Global mergers and acquisitions (M&A) present both exciting opportunities and complex challenges for companies expanding their global footprint. According to KPMG’s 2024 M&A Mid-Year Survey, 58% of PE firms and 52% of corporate companies plan to pursue at least one strategic transformational M&A in 2025 — highlighting a renewed optimism among dealmakers.

For Chief Financial Officers (CFOs), these transitions can trigger a host of financial, operational, and compliance hurdles, especially in cross-border deals. To streamline the process, executive finance teams can leverage Employer of Record (EOR) solutions.

EORs provide global payroll management and ensure employment compliance, reducing financial risks and enabling smoother transitions and faster deals.
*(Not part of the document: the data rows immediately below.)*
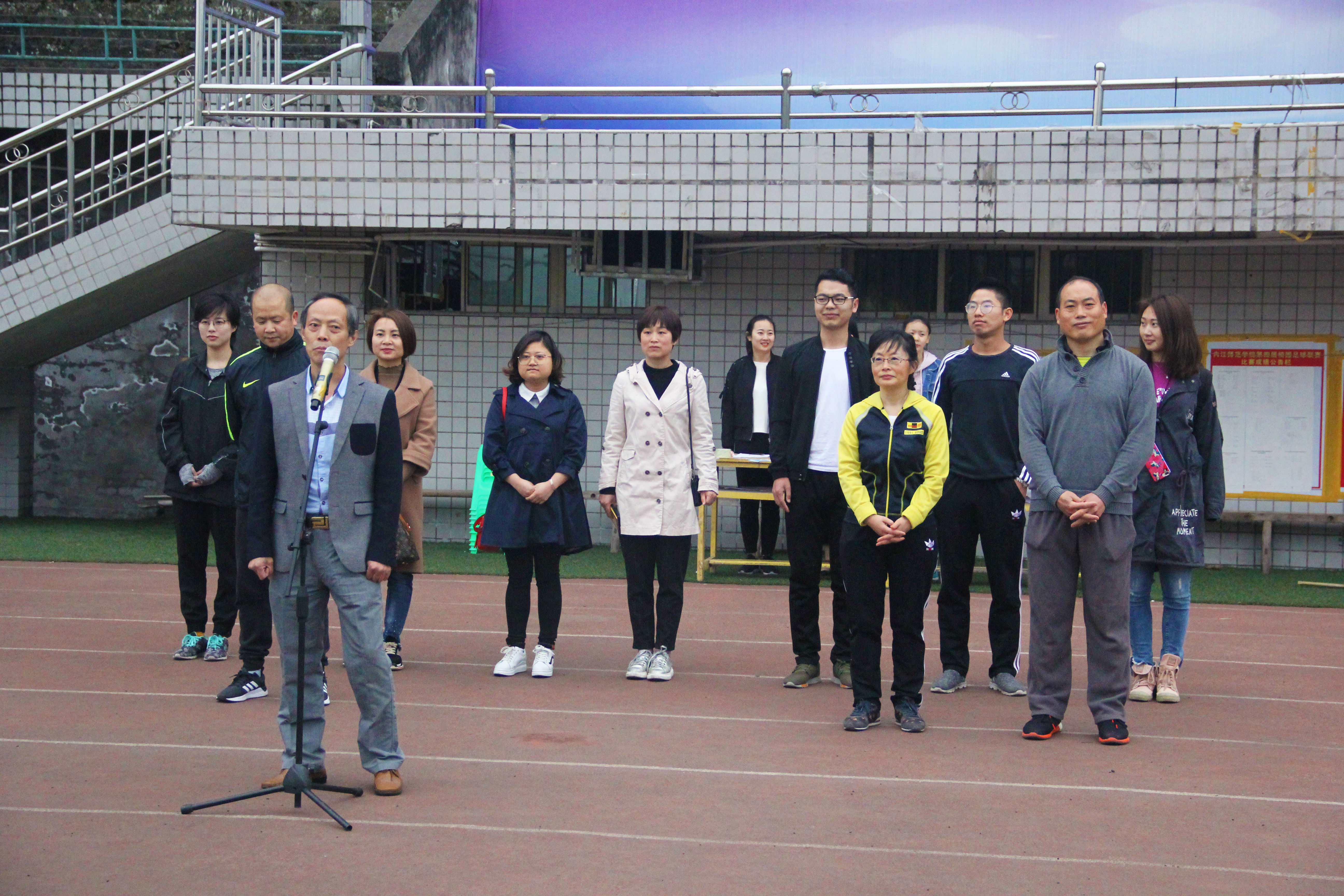 上午七点四十,公司员工陆续到达西区田径场。八点开幕式正式开始。王祖明经理在开幕式中提到"建设"二字,着重强调"以勤促建",身体是革命的本钱,需要勤加锻炼,提高身体素质,才能健康发展。并从自身实际出发强调体育锻炼的必要性和重要性。经理还谈到因本学期的迎评工作,近三年的毕业论文、试卷要严格检查,员工需遵守公司规章制度,严格要求自我,一起行动起来,与教工一起奋力圆满的度过评估学年。随后员工会主席罗怡萌发表倡议:"评估在我心中",她指出三个观点:第一,积极进取,建功立业,做个有理想的新闻人;第二,熟知天下大事,做一个有品质、有修养的新闻人;第三,心中有阳光,脚下有力量,做一个有担当的新闻人。她以此来鼓励同学们发扬新闻人精神,展示公司良好的思想素质。
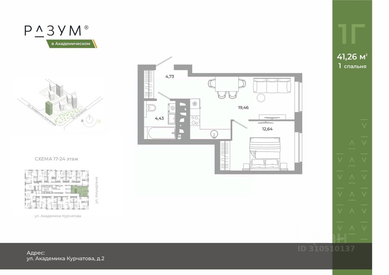 "РАЗУМ в Академическом" — это жилой комплекс из 7 домов переменной этажности от федерального девелопера "РАЗУМ" с 12-летним опытом создания жилых проектов. Дома от 12 до 24 этажей расположены в границах ул. Амундсена. В пешей доступности: - 6 школ; - 10 детских садов; - магазины; - поликлиники; - фитнес-залы. Рядом удобный выезд на ЕКАД. Главная особенность проекта — угловое остекление, которое составляет 22% всей площади. Окна в квартирах установлены в 60 см от пола. Увеличенная площадь остекления помогает снизить затраты на энергоресурсы и создаёт уют в квартире. Сердце жилого комплекса — приватный двор-парк с игровыми комплексами, тренажерами, площадками. "городские грядки" — новое решение благоустройства, где выращиваются ароматные травы или цветы. За пределами комплекса есть прогулочная зона с эко-тропой с вдохновляющими надписями. Прогулки по эко-тропе — это променады наедине с природой. "РАЗУМ в Академическом" — это: - территория без машин; - безбарьерная среда; - единый экостиль в оформлении дворового пространства; - 11 тематических зоны в двор-парке; - многоуровневое освещение и подсветка фасадов; - видеонаблюдение; - гостевой паркинг; - эстетичные подъездные холлы со сквозными подъездами и комфортной зоной ожидания; - Разделенные колясочные и велосипедные зоны; - Велосипедные на 1 этаже; - Кладовые помещения на каждом этаже и на -1 этаже. В проекте 25 планировочных решений: от уютных студий от 21,51 м² до квартир с тремя спальнями и кухней-гостиной до 66,58 м² с функциональным разделением на гостевую и приватные зоны.
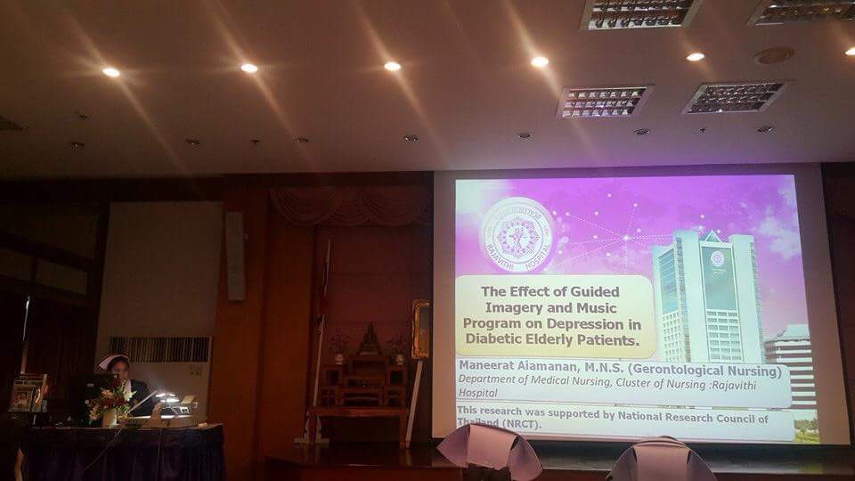 | Description | โปรแกรมการสร้างจินตภาพร่วมกับดนตรีสามารถช่วยลดภาวะซึมเศร้าในผู้สูงอายุโรคเบาหวานที่มีภาวะซึมเศร้าได้ โดยการสร้างจินตภาพร่วมกับดนตรีช่วยให้เกิดความรู้สึกผ่อนคลายแบบลึก จากเสียงของดนตรีร่วมกับการสร้างจินตภาพ (Imagery) เกิดความรู้สึกมีคุณค่าในตนเอง และอารมณ์ดีขึ้น ซึ่งควรนำโปรแกรมการสร้างจินตภาพร่วมกับดนตรีนี้ไปใช้ในการลดภาวะซึมเศร้าของผู้สูงอายุโรคเบาหวาน |
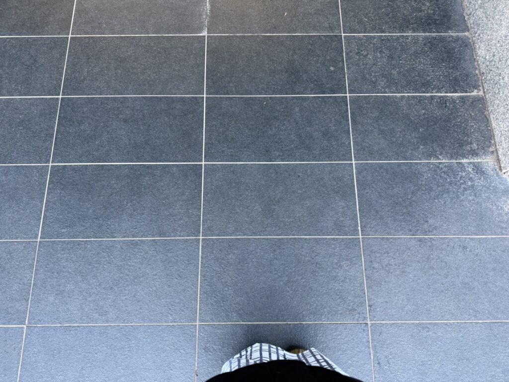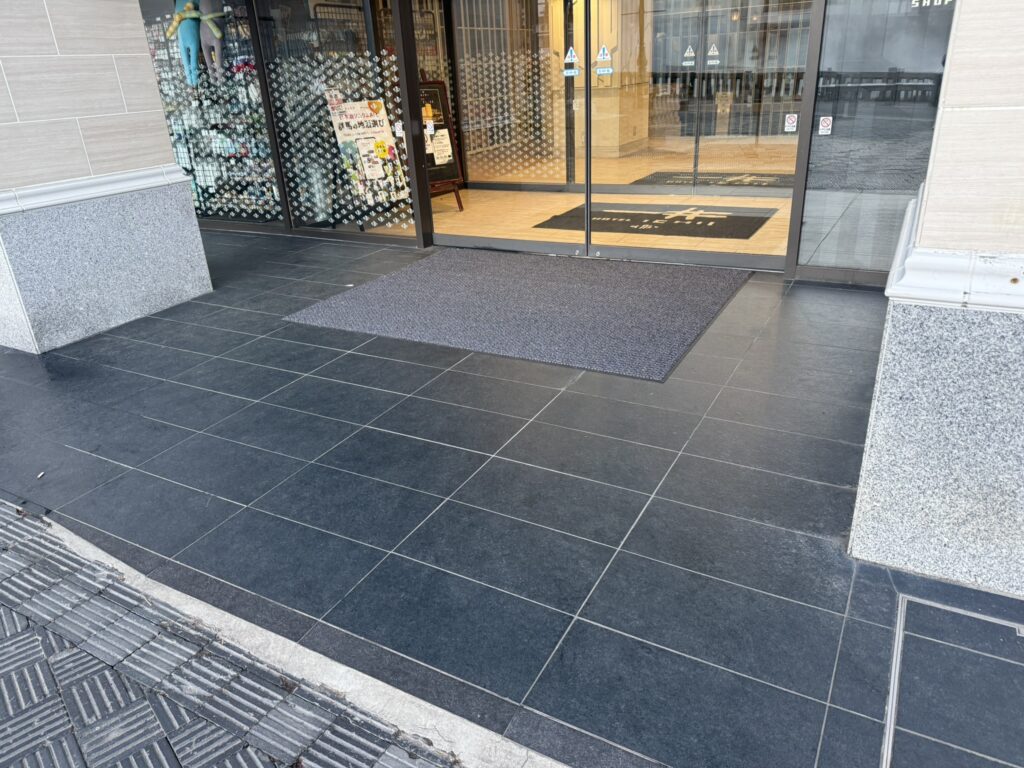 こちらは比較的新しい建物でしょうか。 300×600mmサイズの大判の黒いタイルが使われていました。 最近のホテルやマンションのエントランスでは、このサイズの人気が非常に高いです。空間が広く、高級に見える効果があります。

Here is a complete breakdown of how an EOR can support and guide CFOs throughout the global M&A process.

The CFO’s critical role in mergers and acquisitions

CFOs are at the helm of any successful M&A transaction. From overseeing due diligence to managing financial integration, CFOs are foundational in ensuring the transaction maximizes value.

In global M&As, this role becomes even more crucial, as finance executives must manage cross-border regulations, including tax structures, payroll and tax reporting, and financial compliance. Their expertise directly impacts whether the merger will result in long-term success or financial strain.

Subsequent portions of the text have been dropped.